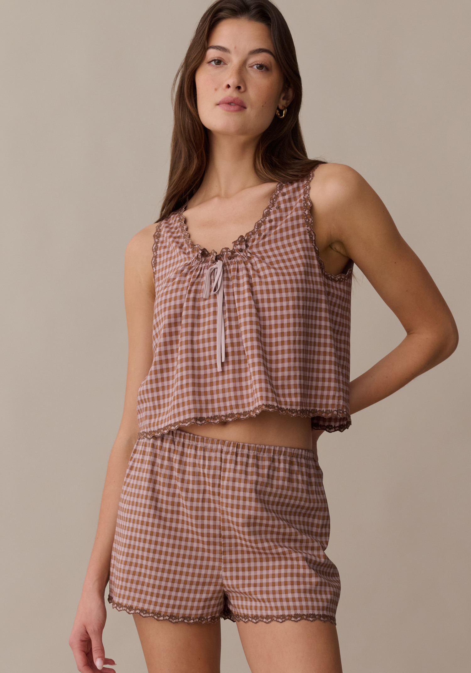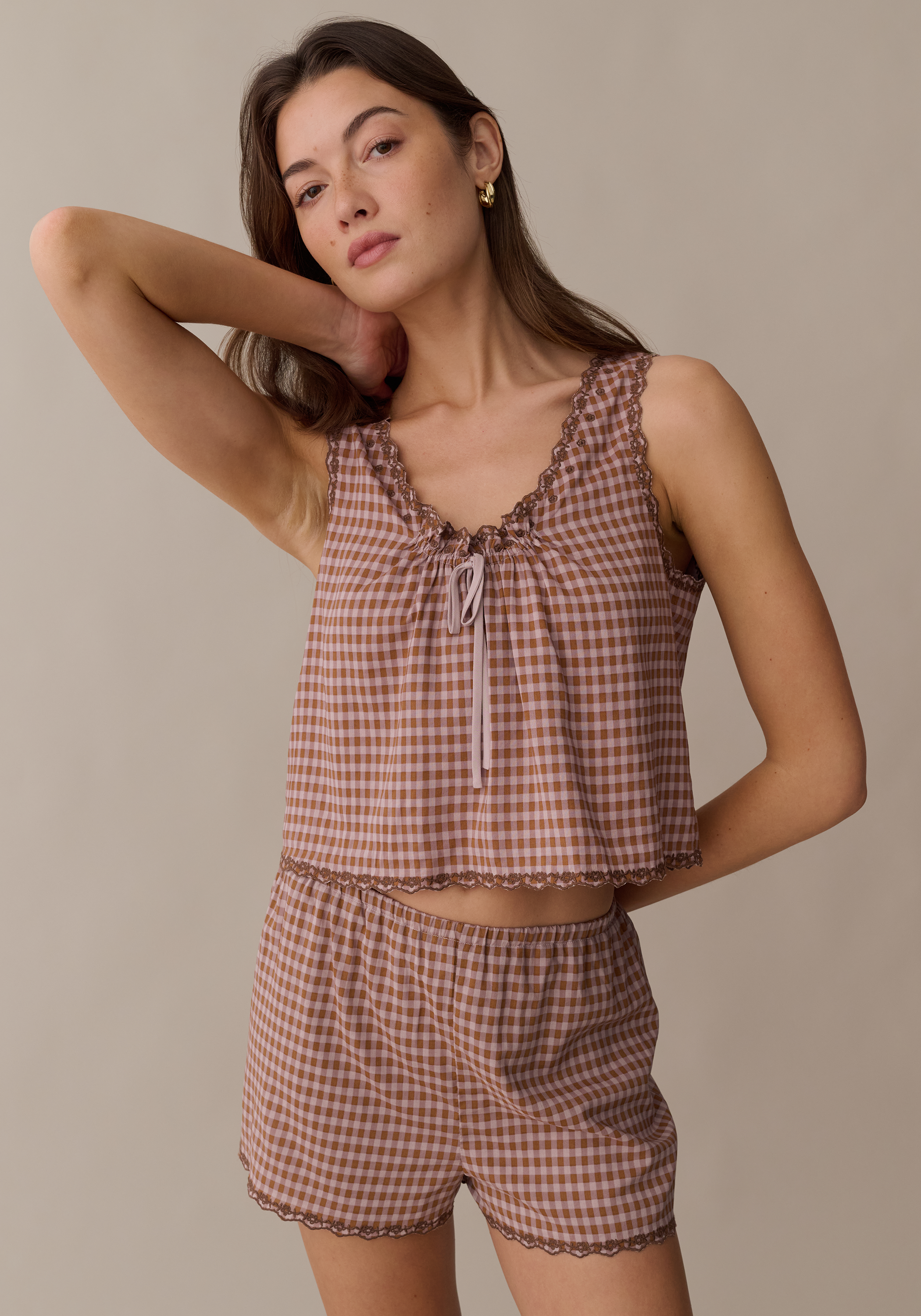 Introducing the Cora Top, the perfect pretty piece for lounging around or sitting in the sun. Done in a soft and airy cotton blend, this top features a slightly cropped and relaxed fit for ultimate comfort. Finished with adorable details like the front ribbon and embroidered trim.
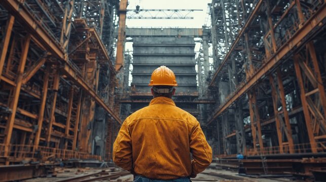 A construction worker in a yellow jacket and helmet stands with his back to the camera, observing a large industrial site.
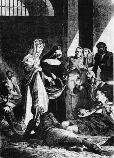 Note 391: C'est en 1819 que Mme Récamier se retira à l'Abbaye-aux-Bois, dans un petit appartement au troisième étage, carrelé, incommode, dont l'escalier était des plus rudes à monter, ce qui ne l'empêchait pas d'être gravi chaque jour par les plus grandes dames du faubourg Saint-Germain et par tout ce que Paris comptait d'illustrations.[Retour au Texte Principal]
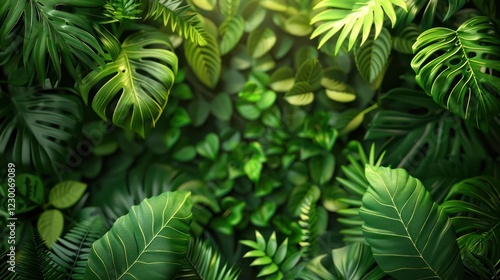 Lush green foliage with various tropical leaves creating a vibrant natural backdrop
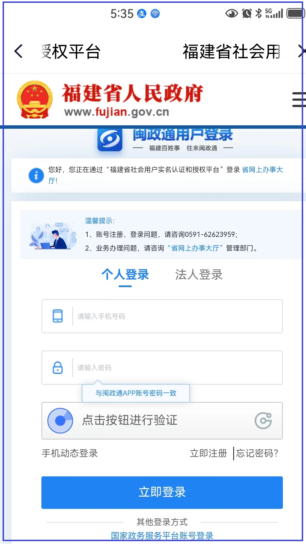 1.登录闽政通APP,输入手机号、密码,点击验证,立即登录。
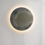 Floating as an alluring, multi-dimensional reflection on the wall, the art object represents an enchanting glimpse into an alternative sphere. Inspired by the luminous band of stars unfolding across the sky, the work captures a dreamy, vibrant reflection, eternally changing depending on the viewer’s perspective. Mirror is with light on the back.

Activity:
Leaving every picture out, write out exactly the lines from the beginning of the listing above to the line with "Note 391: C'est", inclusive.

Response below:
 Introducing the Cora Top, the perfect pretty piece for lounging around or sitting in the sun. Done in a soft and airy cotton blend, this top features a slightly cropped and relaxed fit for ultimate comfort. Finished with adorable details like the front ribbon and embroidered trim.
 A construction worker in a yellow jacket and helmet stands with his back to the camera, observing a large industrial site.
 Note 391: C'est en 1819 que Mme Récamier se retira à l'Abbaye-aux-Bois, dans un petit appartement au troisième étage, carrelé, incommode, dont l'escalier était des plus rudes à monter, ce qui ne l'empêchait pas d'être gravi chaque jour par les plus grandes dames du faubourg Saint-Germain et par tout ce que Paris comptait d'illustrations.[Retour au Texte Principal]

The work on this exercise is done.